A wig wearing Britney Spears checked back into a Los Angeles rehab center today for treatment. Unfortunately for those who saw her, it was not the right kind of wig. The former pop princess casually strolled into the facility wearing the toupee worn by William (Captain James T. Kirk) Shatner in the Star Trek IV; The Voyage Home (the one with the whales).
When asked why she had chosen that hairpiece to attempt to hide her baldness, Britney responded that "The Shat has been getting away with this since his 60's television series. Besides, I couldn't get ahold of Burt Reynolds to borrow one of his."
Strangely, Britney was not mobbed by the normal set of fans today. Instead, hundreds of virgin teenagers and twenty and thirty somethings in "I Grok Spock" t-shirts surrounded her and fell to their knees in homage, mistaking her for the object of their affection. One adoring trekkie even waved a sign saying "you can beam me up anytime." These fans apparently did not notice that the person they thought was their captain had tattoos on her neck and hands and had grown a pair of breasts.

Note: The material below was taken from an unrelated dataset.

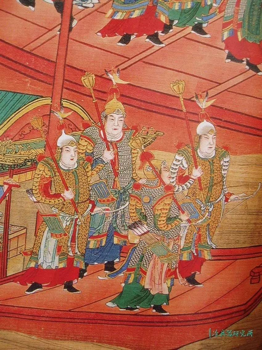 ▲出警入跸图中头戴明铁盔的锦衣卫大汉将军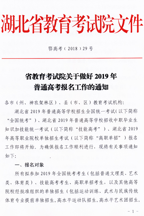發布日期:2018/10/26 來源:湖北省教育考試院

When Britney sat down at the registration desk, it was noted that she was not wearing any panties (as usual) and flashed the Trekkies with a shot of her shaved vagina. As none of the males had ever seen or touched one of these anyway, they did not notice or react.
Police had to quiet and disperse the crowd of nerds and geeks and send them all home to their mothers.
Britney is expected to be in rehab until she dries out and detoxes and makes progress in the famous twelve step program. As she cannot count beyond ten with her shoes on, this may take some time.